Define a function using def with a name, parameters, and a block of code

def print_greeting():
    print('Hello!')
  • Begin the definition of a new function with def, followed by the name of the function.
  • Must obey the same rules as variable names.
  • Parameters in parentheses; empty parentheses if the function doesn’t take any inputs.
  • Indent function body

Defining a function does not run it

print_greeting()
  • Like assigning a value to a variable
  • Must call the function to execute the code it contains.

Arguments in call are matched to parameters in definition

  1. Positional arguments

    def print_date(year, month, day):
        joined = '/'.join([year, month, day])
        print(joined)
    
    print_date(1871, 3, 19)
  2. (Optional) Keyword arguments

    print_date(month=3, day=19, year=1871)

Functions may return a result to their caller using return

  1. Use return ... to give a value back to the caller. return ends the function's execution and returns you to the code that originally called the function.

    def average(values):
        """Return average of values, or None if no values are supplied."""
    
        if len(values) == 0:
            return None
        else:
            return sum(values) / len(values)
    a = average([1, 3, 4])
    print(a)
  2. You should explicitly handle common problems:

    print(average([]))
  3. Notes:

    1. return can occur anywhere in the function, but functions are easier to understand if return occurs:
      1. At the start to handle special cases
      2. At the very end, with a final result
    2. Docstring provides function help. Use triple quotes if you need the docstring to span multiple lines.

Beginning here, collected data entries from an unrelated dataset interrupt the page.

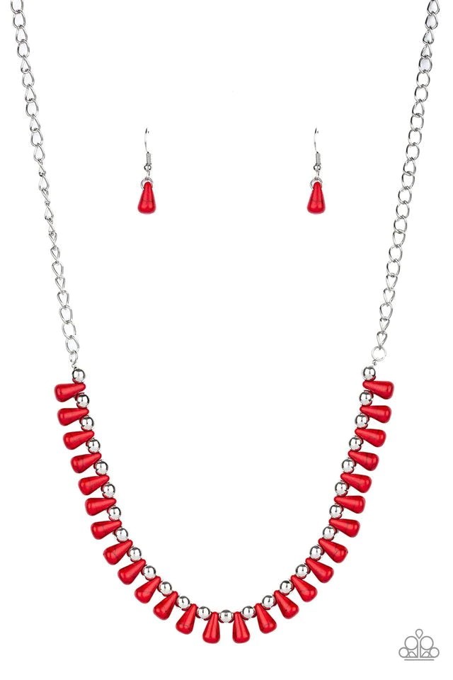 Extinct Species Red Teardrop Santa Fe Style Stone Necklace Paparazzi N0960
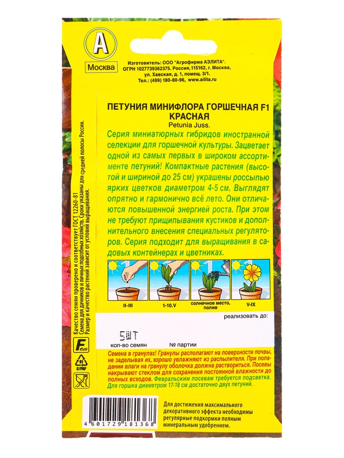 Семена цветов Петуния Минифлора горшечная F1 красная (драже) Цветущий балкон, Ц/П,5 шт. — Характеристики
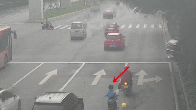 近日,上海一名女子骑自行车边转弯边横穿马路,与一辆慢速行驶的车辆发生碰撞,女子倒地受伤。
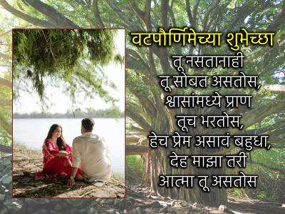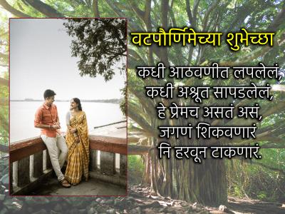 कधी आठवणीत लपलेलं, कधी अश्रूत सापडलेलं, हे प्रेमच असतं असं, जगणं शिकवणारं नि हरवून टाकणारं! साता जन्माच्या सोबतीसाठी वटपौर्णिमेच्या शुभेच्छा!

(Optional) challenge: Encapsulate text processing in a function

Write a function that takes line as an input and returns the information required by writer.writerow().

Challenge (data normalization): Encapsulate Z score calculations in a function

Write a function that encapsulates the Z-score calculations from the Pandas workshop. Your function needs to do the following:

  1. Read a CSV file into a data frame
  2. Calculate the Z score for each item
  3. Calculate the mean Z score for each country
  4. Append the mean Z scores as a new column
  5. Return the data frame

Solution

def norm_data(filename):
    """Add a Z score column to a data frame."""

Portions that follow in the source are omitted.